> **ASSIGNMENT**
Return nothing but the lines from the one with "Рубашка в клетку" through the one with "注意:仅.NET 4.6及以上版本支持Always Encrypted特性的SQL" in the data below, word for word and without pictures.

> **ENTRIES SUPPLIED**
================

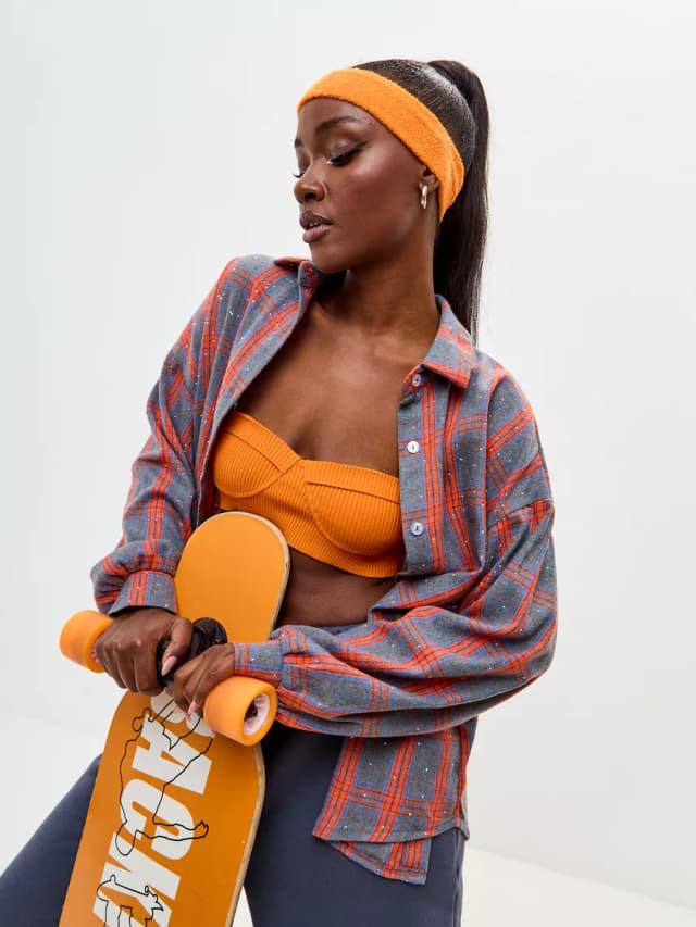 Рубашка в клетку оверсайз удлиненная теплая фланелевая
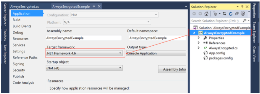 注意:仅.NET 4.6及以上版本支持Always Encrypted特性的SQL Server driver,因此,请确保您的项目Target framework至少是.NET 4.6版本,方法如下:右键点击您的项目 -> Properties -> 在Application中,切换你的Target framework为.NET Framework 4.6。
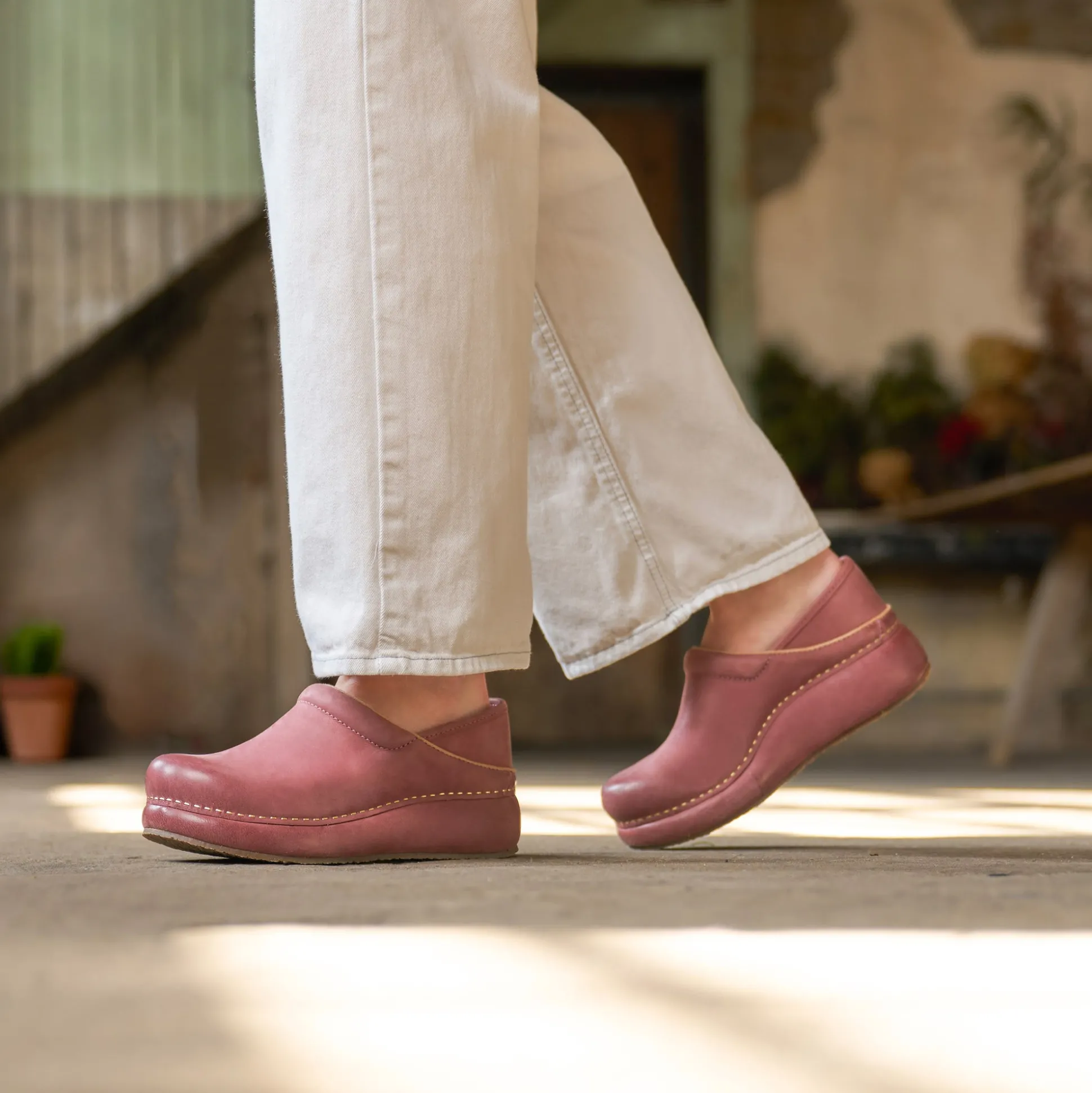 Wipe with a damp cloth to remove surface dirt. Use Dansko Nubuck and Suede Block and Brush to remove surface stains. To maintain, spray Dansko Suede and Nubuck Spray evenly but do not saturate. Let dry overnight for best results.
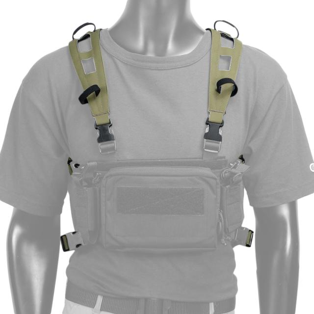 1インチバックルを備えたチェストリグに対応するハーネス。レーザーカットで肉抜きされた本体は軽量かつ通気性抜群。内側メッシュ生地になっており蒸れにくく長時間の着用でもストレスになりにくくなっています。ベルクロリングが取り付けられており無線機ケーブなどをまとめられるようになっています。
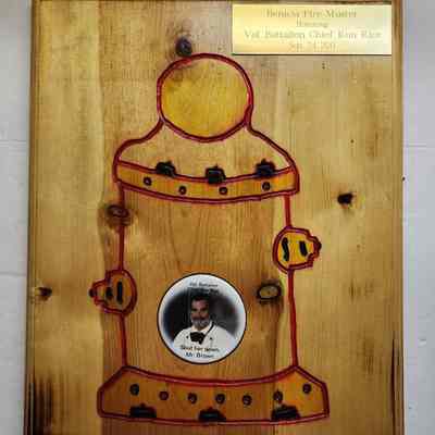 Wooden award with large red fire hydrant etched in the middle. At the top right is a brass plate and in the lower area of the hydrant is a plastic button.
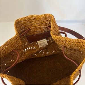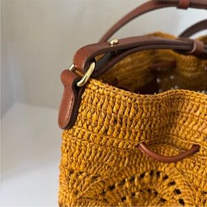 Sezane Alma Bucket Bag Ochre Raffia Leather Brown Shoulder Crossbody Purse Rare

================

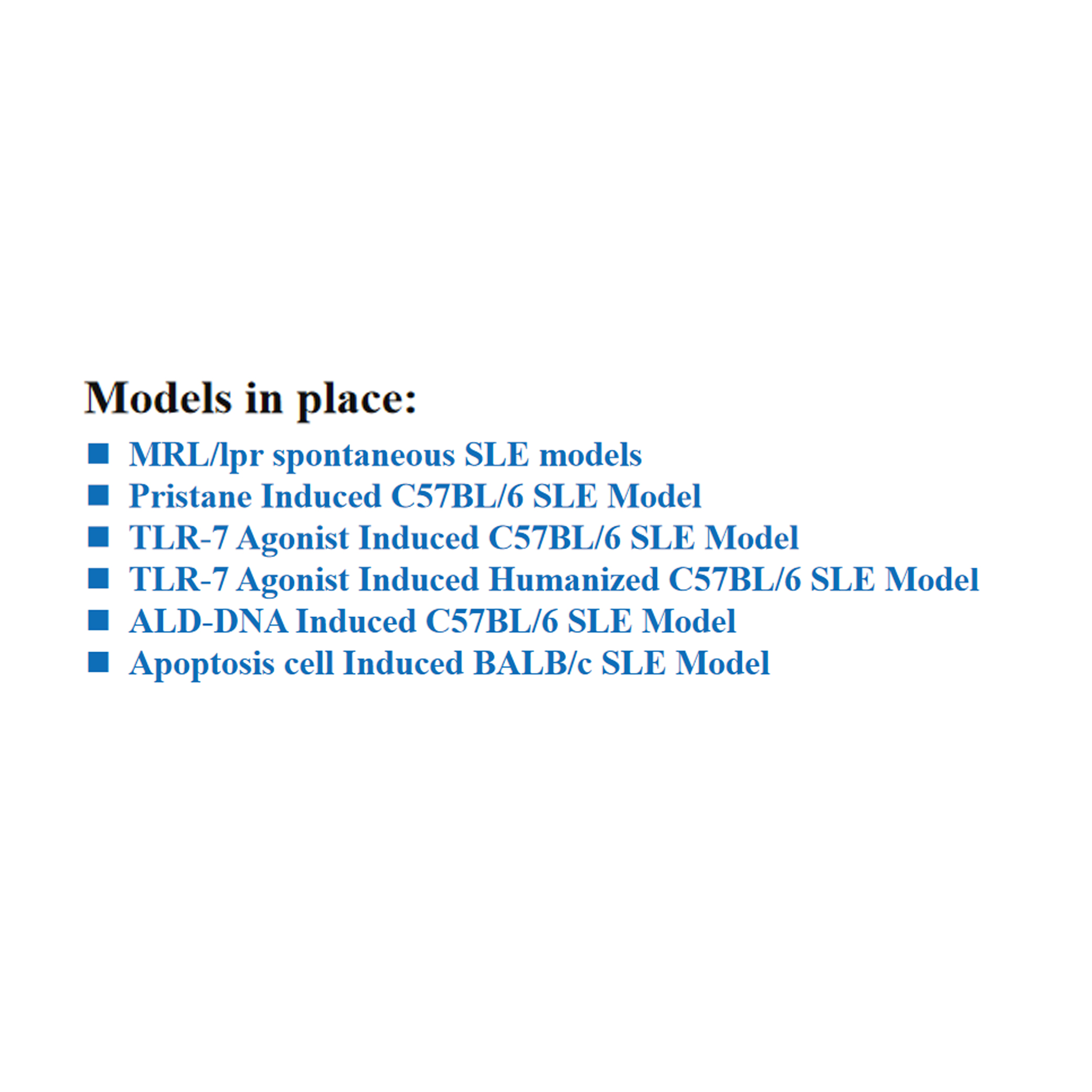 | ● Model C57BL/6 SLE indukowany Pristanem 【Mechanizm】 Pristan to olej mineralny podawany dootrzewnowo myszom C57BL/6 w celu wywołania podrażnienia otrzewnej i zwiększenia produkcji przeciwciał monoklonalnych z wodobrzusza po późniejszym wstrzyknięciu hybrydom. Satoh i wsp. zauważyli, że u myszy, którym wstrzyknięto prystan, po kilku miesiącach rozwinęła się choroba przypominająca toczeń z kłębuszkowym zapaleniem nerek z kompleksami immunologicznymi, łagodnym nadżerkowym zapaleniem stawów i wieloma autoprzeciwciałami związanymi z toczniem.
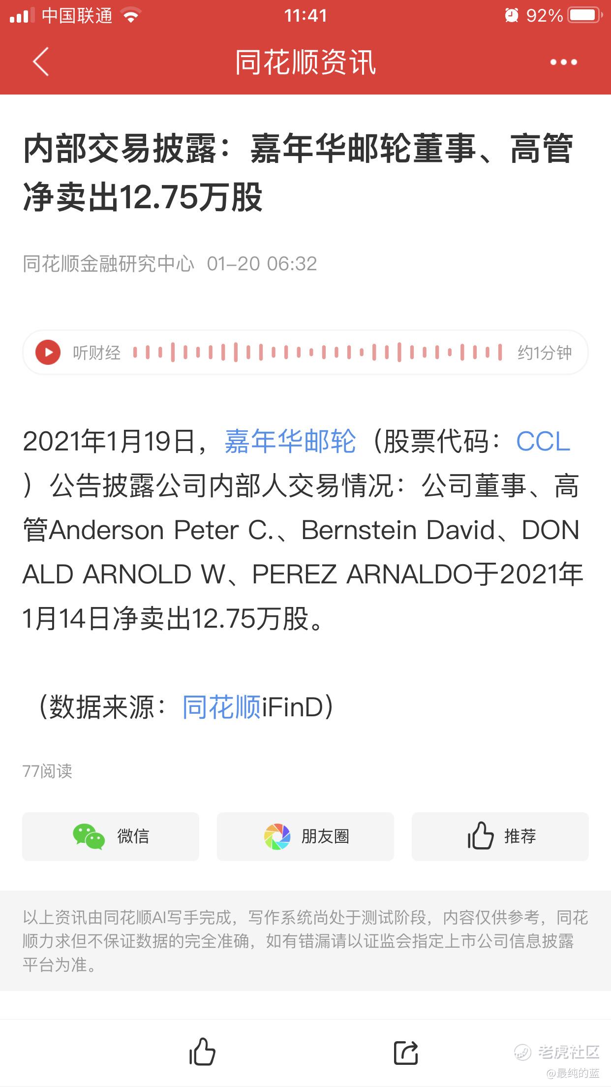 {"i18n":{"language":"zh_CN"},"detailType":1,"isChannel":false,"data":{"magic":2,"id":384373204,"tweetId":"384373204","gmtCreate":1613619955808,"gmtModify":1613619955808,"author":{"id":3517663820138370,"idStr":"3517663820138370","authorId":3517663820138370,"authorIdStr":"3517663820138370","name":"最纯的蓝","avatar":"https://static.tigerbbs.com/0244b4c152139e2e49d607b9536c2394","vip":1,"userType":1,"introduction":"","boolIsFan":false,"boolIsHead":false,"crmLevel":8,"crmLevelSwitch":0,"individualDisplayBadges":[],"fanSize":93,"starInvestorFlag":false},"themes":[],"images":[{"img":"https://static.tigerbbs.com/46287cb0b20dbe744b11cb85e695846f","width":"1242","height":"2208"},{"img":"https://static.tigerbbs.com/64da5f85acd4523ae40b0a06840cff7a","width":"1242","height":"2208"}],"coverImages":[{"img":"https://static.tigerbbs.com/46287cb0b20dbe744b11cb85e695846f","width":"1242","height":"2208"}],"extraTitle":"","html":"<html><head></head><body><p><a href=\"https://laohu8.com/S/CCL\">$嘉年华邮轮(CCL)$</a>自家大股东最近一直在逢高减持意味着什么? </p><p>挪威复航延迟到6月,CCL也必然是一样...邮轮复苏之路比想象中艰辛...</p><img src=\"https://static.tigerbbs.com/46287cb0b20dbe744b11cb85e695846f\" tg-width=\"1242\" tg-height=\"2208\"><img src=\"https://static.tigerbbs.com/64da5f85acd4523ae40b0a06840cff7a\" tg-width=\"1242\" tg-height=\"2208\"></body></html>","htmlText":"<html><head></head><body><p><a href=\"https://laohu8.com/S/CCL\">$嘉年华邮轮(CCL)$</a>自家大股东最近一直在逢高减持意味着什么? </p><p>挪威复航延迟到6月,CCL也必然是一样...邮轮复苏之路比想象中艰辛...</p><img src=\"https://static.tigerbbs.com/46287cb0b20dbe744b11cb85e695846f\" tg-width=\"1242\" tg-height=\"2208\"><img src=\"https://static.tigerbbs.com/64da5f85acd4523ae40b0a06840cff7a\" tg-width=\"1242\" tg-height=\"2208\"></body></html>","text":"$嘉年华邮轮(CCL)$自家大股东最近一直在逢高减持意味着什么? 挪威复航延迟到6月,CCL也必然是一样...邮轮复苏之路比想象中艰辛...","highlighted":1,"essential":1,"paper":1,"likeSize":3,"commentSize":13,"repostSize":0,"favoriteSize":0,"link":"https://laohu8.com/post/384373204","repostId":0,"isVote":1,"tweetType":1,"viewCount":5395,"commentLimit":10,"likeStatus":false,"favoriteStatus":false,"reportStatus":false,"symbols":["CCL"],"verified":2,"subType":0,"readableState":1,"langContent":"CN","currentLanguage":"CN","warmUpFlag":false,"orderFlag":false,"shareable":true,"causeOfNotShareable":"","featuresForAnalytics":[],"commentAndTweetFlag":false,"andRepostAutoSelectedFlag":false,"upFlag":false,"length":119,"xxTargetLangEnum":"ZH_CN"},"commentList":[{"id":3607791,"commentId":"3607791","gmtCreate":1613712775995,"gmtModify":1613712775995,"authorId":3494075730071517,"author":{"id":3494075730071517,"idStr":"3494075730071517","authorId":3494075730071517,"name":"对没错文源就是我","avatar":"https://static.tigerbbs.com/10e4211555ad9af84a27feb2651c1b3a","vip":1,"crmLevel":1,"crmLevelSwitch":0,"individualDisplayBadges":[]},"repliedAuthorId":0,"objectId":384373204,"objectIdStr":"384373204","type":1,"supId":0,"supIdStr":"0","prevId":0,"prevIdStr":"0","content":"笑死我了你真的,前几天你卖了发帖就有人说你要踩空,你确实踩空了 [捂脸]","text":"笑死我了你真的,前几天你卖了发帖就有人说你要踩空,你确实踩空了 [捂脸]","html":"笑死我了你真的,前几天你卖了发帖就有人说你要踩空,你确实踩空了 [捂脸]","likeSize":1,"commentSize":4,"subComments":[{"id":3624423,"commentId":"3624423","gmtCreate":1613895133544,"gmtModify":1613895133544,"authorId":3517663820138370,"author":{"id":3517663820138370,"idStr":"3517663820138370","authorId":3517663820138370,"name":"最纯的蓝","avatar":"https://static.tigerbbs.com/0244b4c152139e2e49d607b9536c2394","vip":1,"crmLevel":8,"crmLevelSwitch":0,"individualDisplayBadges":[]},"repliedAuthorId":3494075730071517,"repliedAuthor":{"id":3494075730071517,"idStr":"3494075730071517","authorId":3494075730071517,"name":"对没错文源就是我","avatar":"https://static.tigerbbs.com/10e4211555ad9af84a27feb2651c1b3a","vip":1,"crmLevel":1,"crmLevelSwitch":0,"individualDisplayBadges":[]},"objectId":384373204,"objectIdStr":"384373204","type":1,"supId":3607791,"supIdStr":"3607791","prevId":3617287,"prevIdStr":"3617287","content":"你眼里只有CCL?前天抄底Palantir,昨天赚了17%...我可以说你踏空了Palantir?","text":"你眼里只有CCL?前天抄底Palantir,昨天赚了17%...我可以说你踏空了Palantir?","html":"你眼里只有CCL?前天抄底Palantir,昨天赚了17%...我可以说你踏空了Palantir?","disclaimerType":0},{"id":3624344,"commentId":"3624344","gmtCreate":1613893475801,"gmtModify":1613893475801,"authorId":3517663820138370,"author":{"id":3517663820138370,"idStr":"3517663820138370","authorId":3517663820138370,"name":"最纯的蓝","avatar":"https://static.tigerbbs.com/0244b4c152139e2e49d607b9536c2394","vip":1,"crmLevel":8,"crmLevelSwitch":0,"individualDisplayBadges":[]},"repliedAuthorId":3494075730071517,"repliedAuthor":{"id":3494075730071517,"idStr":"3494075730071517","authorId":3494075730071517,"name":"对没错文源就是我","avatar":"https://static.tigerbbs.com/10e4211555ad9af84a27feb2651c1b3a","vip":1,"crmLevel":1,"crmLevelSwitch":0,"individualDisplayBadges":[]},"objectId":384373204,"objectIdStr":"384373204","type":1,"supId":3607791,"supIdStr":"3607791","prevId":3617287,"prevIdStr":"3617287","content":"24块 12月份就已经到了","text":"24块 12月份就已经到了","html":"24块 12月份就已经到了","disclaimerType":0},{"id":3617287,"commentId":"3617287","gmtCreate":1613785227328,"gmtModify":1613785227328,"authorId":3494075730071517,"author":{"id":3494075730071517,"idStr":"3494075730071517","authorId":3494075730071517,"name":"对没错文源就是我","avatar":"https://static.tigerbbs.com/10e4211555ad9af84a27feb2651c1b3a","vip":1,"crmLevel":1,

================

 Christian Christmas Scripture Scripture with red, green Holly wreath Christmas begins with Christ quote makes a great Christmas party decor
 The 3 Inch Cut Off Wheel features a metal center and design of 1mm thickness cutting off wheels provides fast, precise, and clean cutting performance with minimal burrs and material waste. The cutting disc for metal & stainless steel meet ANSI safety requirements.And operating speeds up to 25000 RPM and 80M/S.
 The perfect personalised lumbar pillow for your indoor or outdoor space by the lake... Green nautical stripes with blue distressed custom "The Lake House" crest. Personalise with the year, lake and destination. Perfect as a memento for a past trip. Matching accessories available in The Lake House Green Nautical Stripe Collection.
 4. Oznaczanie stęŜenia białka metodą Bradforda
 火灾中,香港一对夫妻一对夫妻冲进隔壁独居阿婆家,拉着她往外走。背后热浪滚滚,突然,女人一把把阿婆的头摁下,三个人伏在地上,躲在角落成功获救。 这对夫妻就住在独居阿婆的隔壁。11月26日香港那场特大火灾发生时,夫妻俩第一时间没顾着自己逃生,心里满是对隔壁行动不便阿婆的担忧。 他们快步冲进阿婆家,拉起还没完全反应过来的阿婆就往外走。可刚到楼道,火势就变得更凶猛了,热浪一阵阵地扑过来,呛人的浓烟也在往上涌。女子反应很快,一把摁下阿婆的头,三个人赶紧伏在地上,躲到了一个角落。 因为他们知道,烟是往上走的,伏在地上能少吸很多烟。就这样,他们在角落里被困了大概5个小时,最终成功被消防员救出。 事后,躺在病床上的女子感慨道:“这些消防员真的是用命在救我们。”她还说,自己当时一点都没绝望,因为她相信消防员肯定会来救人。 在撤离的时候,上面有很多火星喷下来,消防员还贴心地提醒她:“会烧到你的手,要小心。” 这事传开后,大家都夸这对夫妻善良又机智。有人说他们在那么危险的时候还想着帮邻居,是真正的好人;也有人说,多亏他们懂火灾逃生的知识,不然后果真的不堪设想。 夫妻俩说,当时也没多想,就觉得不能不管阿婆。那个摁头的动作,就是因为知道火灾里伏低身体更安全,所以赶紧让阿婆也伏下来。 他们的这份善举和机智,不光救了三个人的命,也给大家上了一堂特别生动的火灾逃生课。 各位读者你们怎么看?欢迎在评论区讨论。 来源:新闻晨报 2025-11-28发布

================

> **RESPONSE TO THIS EXERCISE**
 Рубашка в клетку оверсайз удлиненная теплая фланелевая
 注意:仅.NET 4.6及以上版本支持Always Encrypted特性的SQL Server driver,因此,请确保您的项目Target framework至少是.NET 4.6版本,方法如下:右键点击您的项目 -> Properties -> 在Application中,切换你的Target framework为.NET Framework 4.6。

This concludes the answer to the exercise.